## GOAL OF THE EXERCISE:
Please write out exactly the line containing "50pcs Gold Plated" below and every line after it, through the last one, but leave out any pictures.

## SUPPLIED DATA:

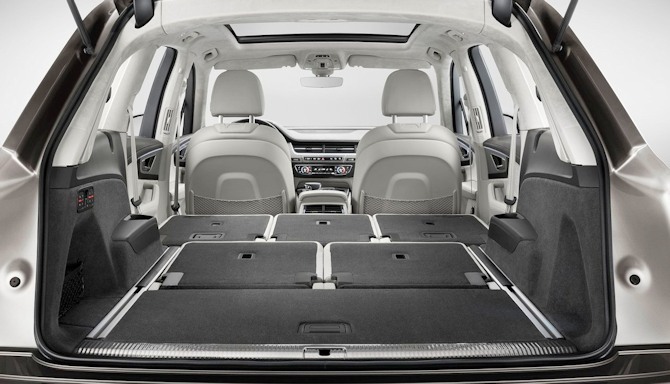 Le volume de coffre atteint 890 litres si on intègre les rangements sous plancher (et même un peu plus si on a la banquette coulissant qui peut s'avancer). Ce dernier tombe à 770 litres en 7 places quand seulement 5 places sont déployées (les sièges encastrés prennent donc 120 litres au rangement sous plancher). La version e-tron n'a quant à elle aucun vide sous le plancher et le volume s'établit alors à 650 litres, c'est donc le volume disponible au dessus du plancher du coffre jusqu'au seuil de la plage arrière.
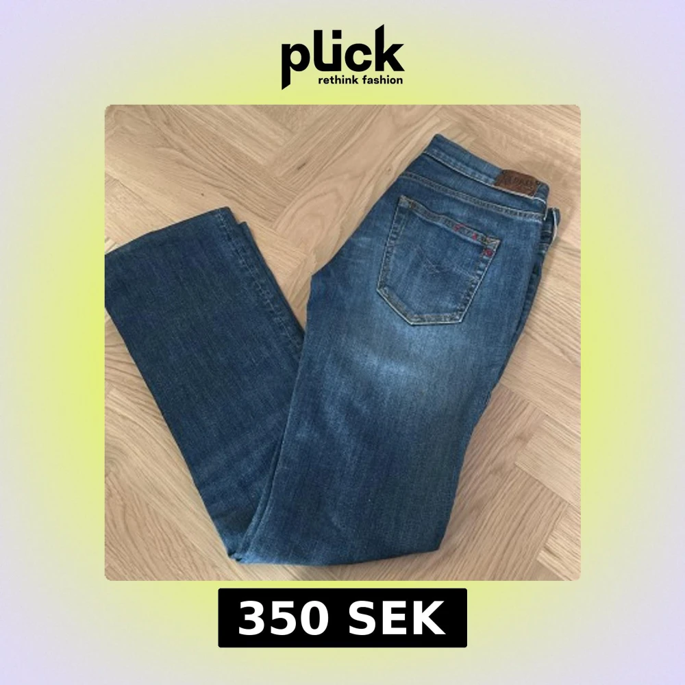 Säljer ett par klassiska blå jeans från Replay, modell Radell. Jeansen, snygga kontrastsömmar och läderpatch bak.
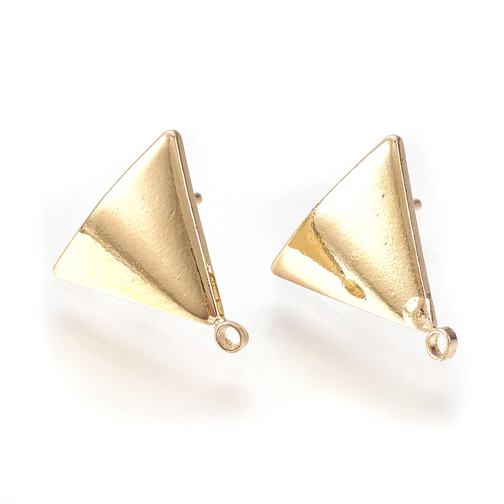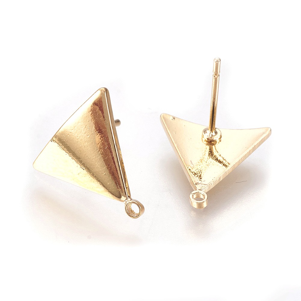 50pcs Gold Plated Brass Earring Posts Triangle Back Loop Smooth Nickel Free 13mm
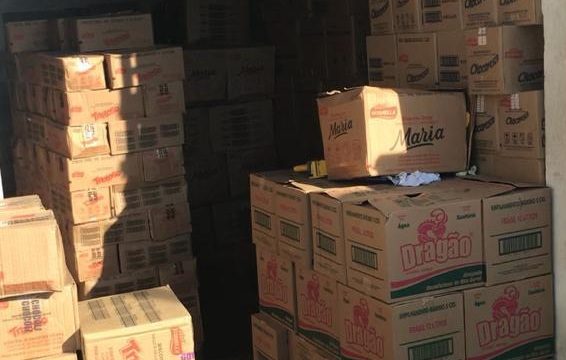 identificou um depósito com dezenas de caixas, contendo gêneros alimentícios e

## RESULT OF THIS EXERCISE:
 50pcs Gold Plated Brass Earring Posts Triangle Back Loop Smooth Nickel Free 13mm
 identificou um depósito com dezenas de caixas, contendo gêneros alimentícios e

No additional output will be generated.